■ Exercise aim ■
Return the lines of the listing below exactly as they appear, beginning at the one with "Ray Lyn is in" and stopping after the one with "Cute personality women’s"; do not include pictures.

■ Dataset excerpts ■

--

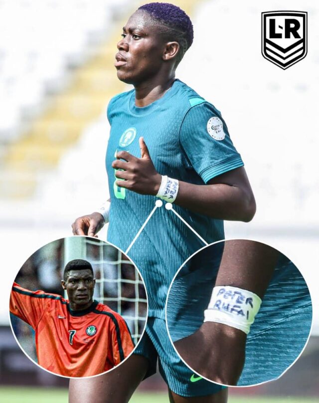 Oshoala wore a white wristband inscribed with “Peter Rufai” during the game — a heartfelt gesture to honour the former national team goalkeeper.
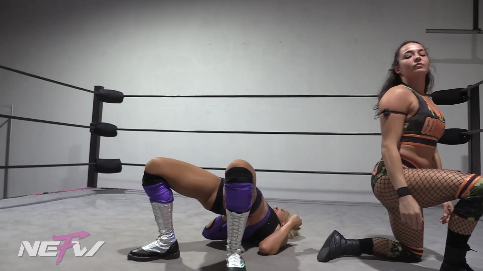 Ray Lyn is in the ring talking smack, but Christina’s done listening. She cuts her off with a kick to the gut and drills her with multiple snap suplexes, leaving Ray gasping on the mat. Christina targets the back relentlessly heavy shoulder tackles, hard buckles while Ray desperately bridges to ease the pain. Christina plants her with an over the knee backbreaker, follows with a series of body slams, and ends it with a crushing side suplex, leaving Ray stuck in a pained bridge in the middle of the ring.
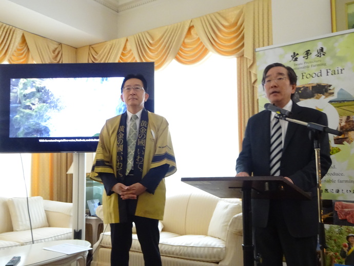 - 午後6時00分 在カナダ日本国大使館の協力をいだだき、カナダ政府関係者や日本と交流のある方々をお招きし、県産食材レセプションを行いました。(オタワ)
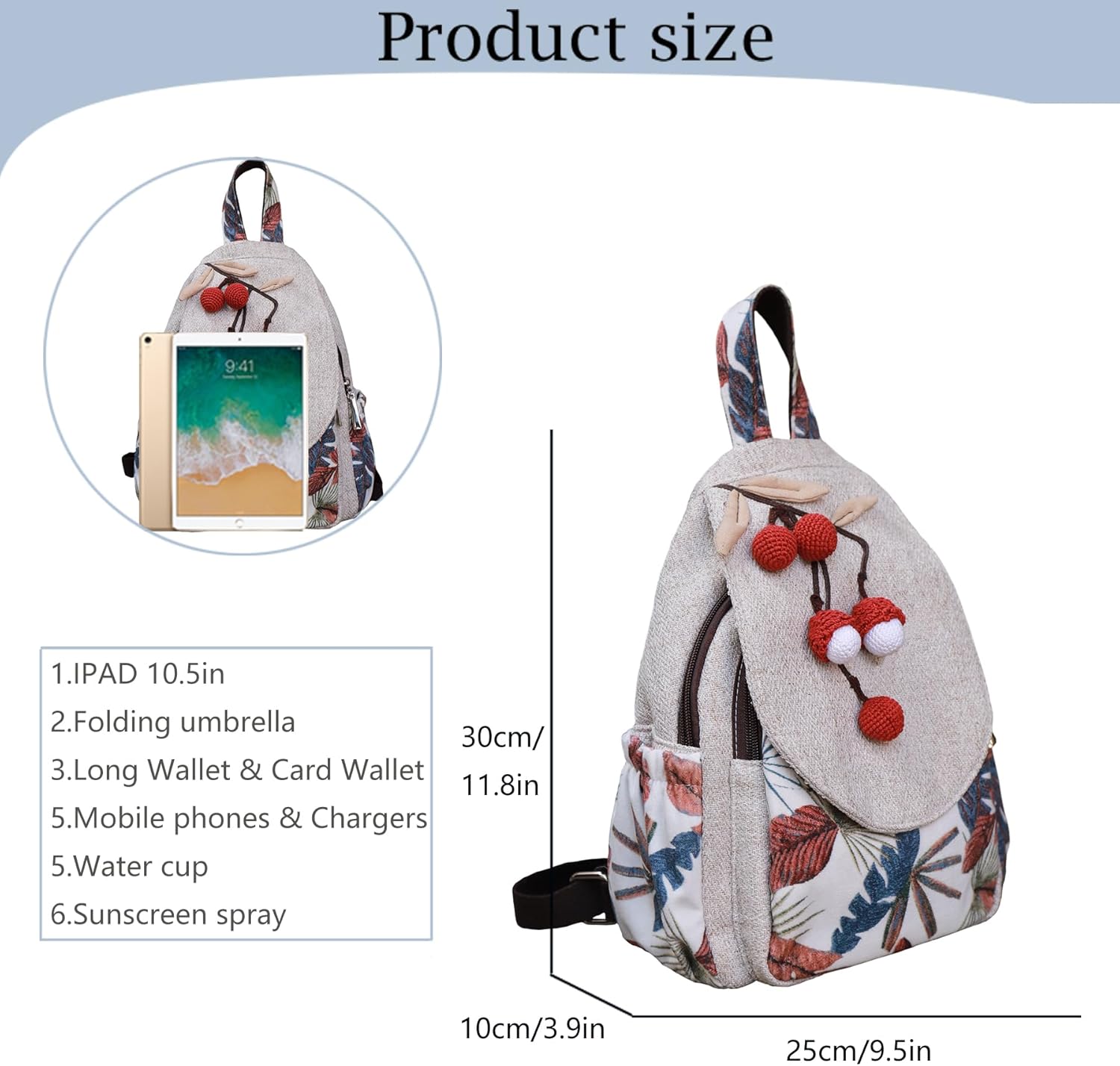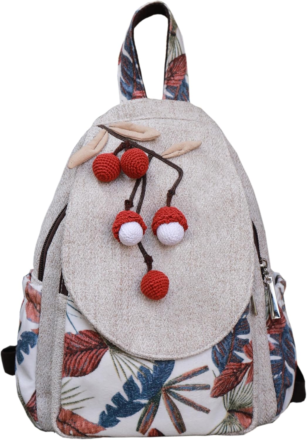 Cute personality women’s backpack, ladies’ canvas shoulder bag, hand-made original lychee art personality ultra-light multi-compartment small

--

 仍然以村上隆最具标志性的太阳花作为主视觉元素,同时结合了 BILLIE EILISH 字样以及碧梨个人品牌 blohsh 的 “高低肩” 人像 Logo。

--

■ Completed exercise ■
 Ray Lyn is in the ring talking smack, but Christina’s done listening. She cuts her off with a kick to the gut and drills her with multiple snap suplexes, leaving Ray gasping on the mat. Christina targets the back relentlessly heavy shoulder tackles, hard buckles while Ray desperately bridges to ease the pain. Christina plants her with an over the knee backbreaker, follows with a series of body slams, and ends it with a crushing side suplex, leaving Ray stuck in a pained bridge in the middle of the ring.
 - 午後6時00分 在カナダ日本国大使館の協力をいだだき、カナダ政府関係者や日本と交流のある方々をお招きし、県産食材レセプションを行いました。(オタワ)
 Cute personality women’s backpack, ladies’ canvas shoulder bag, hand-made original lychee art personality ultra-light multi-compartment small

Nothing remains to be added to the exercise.